> [Data section]
*****
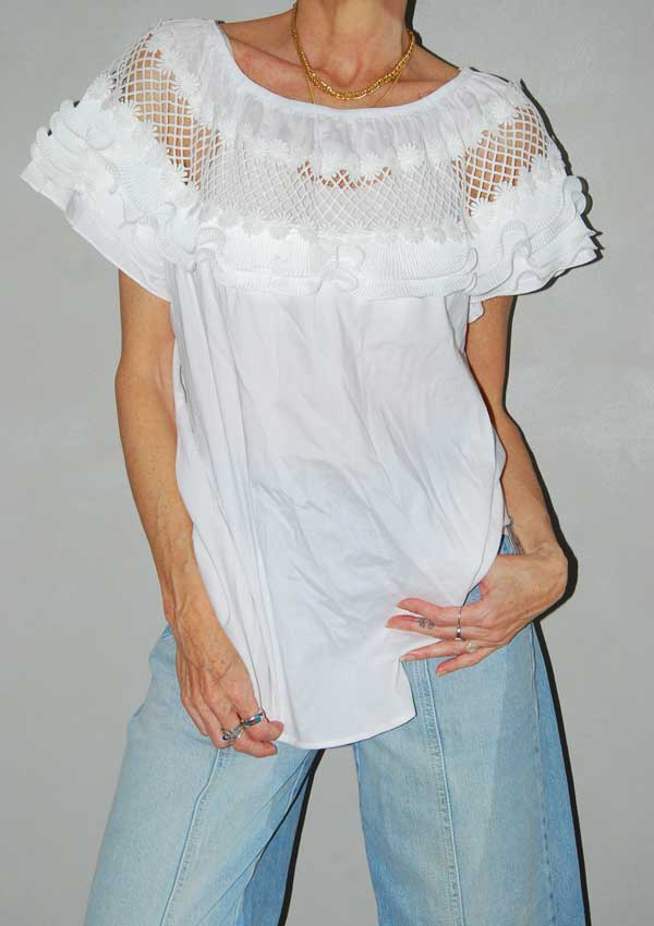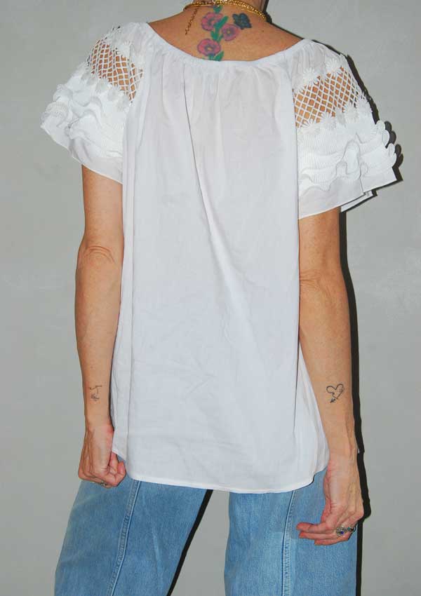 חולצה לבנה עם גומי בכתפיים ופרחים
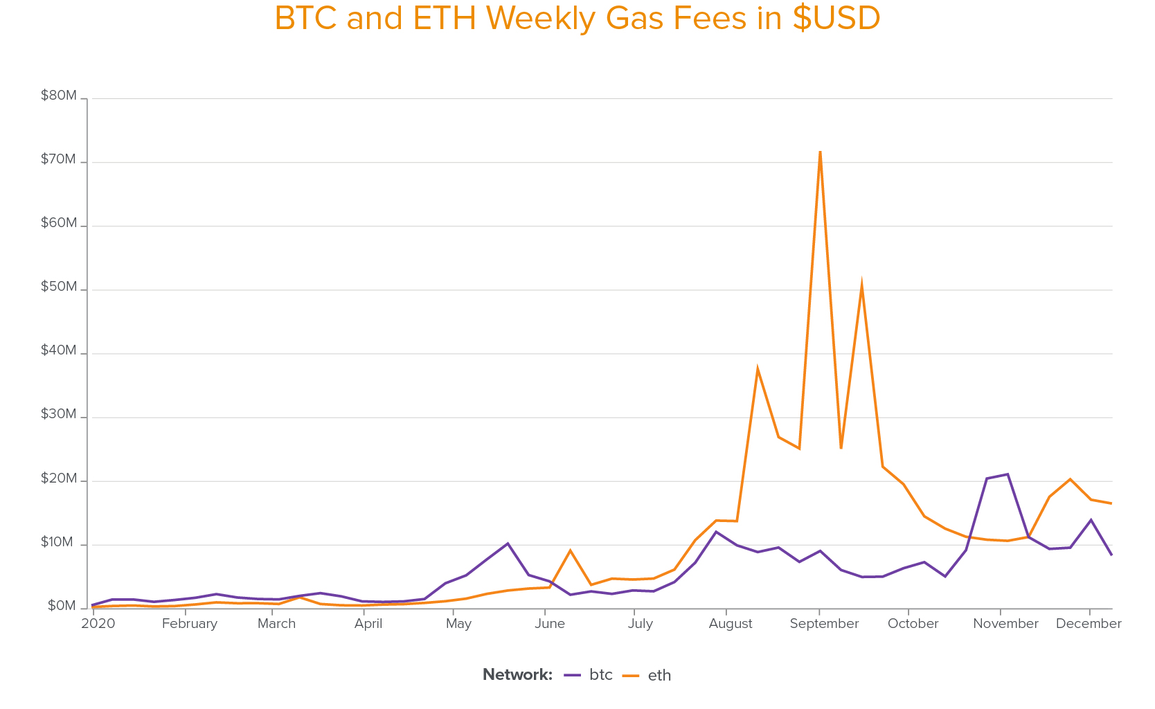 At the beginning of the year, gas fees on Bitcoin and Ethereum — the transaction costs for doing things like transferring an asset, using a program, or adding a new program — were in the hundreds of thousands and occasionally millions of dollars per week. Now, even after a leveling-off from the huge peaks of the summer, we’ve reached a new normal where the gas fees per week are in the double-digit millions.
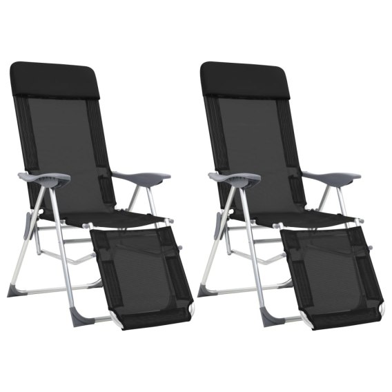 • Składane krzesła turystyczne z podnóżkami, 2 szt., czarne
*****
> [Your assignment] If a picture appears in the data, omit it; transcribe all the rest exactly.

> [Problem solution]
 חולצה לבנה עם גומי בכתפיים ופרחים
 At the beginning of the year, gas fees on Bitcoin and Ethereum — the transaction costs for doing things like transferring an asset, using a program, or adding a new program — were in the hundreds of thousands and occasionally millions of dollars per week. Now, even after a leveling-off from the huge peaks of the summer, we’ve reached a new normal where the gas fees per week are in the double-digit millions.
 • Składane krzesła turystyczne z podnóżkami, 2 szt., czarne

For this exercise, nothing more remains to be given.